It’s usually not the right call to use a hash table like you’re describing. You’re not saving any work (all keys have to be migrated sooner or later) and by doing it like this you incur a non-trivial amount of overhead on most operations.
Hash tables generally work on the assumption that operations are O(1) in the amortized sense, that individual inserts might be expensive because of rehashing, but in aggregate they are very cheap. In practice, this is almost always a fine assumption, and it is how the vast majority of hash tables in all programming languages work.
The kinds of hash tables you are talking about have their uses in places where you have soft real-time constraints, but that is honestly a pretty niche use case.
iirc memcached either uses or used to use https://en.wikipedia.org/wiki/Linear_hashing to avoid rehashing induced pauses. it definitely makes sense for that use case but you're correct that it's not the right call for a general purpose hash table implementation.
Programs have different phases and jitter might be relevant only in some of them.
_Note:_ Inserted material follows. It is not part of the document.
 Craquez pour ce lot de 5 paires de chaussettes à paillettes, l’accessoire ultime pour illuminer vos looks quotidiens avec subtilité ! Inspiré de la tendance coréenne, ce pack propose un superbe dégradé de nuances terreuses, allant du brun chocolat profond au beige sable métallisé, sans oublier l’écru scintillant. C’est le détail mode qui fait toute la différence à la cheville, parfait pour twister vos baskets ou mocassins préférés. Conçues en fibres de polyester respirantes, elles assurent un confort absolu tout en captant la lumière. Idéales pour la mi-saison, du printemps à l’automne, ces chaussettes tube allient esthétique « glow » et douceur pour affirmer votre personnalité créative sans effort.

Imagine hash tables used to store configuration data. You don't care about performance of "reload config" operation, but once config is loaded and the worker is handling traffic, read operations must be fast.
I agree. I’m rarely using a hash tables for growing data sets. In my experience, I’ve been more inclined to redesign the algorithm or use a different data structures at the point were a migrating hash table makes sense.
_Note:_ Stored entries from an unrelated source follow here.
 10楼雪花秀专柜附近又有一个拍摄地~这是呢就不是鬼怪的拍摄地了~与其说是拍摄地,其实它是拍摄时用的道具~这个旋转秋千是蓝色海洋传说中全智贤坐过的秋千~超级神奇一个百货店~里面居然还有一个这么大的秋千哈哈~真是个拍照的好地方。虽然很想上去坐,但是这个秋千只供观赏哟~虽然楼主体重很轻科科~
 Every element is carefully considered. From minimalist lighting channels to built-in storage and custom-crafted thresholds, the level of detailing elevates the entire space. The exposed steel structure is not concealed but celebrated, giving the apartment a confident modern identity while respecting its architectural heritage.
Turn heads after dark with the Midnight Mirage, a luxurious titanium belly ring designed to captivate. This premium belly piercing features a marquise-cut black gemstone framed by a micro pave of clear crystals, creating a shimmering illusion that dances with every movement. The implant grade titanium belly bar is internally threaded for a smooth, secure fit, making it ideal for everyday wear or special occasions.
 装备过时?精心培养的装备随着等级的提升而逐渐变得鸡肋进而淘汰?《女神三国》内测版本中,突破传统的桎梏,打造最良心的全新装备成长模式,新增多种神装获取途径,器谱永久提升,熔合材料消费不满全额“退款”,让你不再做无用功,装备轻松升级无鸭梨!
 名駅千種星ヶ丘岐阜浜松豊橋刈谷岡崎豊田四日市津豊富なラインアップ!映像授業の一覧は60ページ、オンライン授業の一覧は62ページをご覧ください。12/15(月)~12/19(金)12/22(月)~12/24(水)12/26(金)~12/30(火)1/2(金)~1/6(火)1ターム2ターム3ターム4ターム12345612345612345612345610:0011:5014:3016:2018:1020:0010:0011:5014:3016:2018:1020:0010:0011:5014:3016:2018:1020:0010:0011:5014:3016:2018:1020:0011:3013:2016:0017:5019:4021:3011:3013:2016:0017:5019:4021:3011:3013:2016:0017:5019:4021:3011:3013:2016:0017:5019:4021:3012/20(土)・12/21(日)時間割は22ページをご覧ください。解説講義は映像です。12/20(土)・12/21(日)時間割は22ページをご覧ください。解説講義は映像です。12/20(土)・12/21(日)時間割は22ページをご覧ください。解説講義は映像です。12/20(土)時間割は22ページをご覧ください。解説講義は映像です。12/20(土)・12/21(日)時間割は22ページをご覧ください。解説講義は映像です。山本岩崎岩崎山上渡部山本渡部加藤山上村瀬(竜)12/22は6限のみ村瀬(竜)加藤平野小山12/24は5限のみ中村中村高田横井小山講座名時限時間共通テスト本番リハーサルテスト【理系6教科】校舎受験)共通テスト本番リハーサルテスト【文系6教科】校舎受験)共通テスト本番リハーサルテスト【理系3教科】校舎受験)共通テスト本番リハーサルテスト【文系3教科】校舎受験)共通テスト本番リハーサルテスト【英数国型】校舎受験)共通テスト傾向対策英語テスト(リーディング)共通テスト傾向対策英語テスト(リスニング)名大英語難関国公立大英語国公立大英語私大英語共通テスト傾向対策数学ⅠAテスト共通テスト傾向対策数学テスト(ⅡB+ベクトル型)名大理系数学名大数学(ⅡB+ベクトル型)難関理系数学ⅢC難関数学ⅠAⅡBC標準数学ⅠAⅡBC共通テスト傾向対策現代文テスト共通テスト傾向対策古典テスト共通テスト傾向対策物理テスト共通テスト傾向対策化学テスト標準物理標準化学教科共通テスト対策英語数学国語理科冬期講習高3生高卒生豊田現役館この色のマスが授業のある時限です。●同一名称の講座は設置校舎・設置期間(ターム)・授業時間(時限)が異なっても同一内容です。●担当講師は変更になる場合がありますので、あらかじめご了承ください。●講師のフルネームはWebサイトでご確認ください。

> Hash tables generally work on the assumption that operations are O(1) in the amortized sense, that individual inserts might be expensive because of rehashing, but in aggregate they are very cheap.
Hash tables aren't O(1) in an amortized sense, they are O(1) in a statistical sense. The O(1) complexity of hash tables is dependent entirely on the size of the underlying array, the method of collision resolution, and the quality of the (pre)hash function in relation to the distribution of data you're storing in the table. Whether you insert 1 item or 1 million items into the table, you're still getting O(1) computational complexity if the table is designed well. If not, you could be getting O(n) complexity in the worst case.
While the fixed cost of hashing is irrelevant in the O(1) nature of hash table operations, it does mean that a hash table in practice could be slower (in terms of wall time) than a linked list for insert/find/remove operations. Despite a linked list being O(n) for those operations, a linked list doesn't have to pay the fixed cost of hashing. So for low values of n, the linked list might be a better choice. I think this is what you mean by "O(1) in the amortized sense" but it's not what we mean when we say the computational complexity of these operations on a hash table is O(1).
What the OP is talking about is an example of amortization of resize(), essentially adding a fixed cost to insert() and remove() so you don't have to pay a huge sum when you call resize(). But that doesn't mean insert() and remove() are no longer O(1).
If you use the terminology precisely, the worst case cost of a regular hash table insertion is O(n) because of the potential resize, but its amortized cost is O(1) because that's what it "averages out to".
Hash tables generally work on the assumption that operations are O(1) in the amortized sense, that individual inserts might be expensive because of rehashing, but in aggregate they are very cheap. In practice, this is almost always a fine assumption, and it is how the vast majority of hash tables in all programming languages work.
The kinds of hash tables you are talking about have their uses in places where you have soft real-time constraints, but that is honestly a pretty niche use case.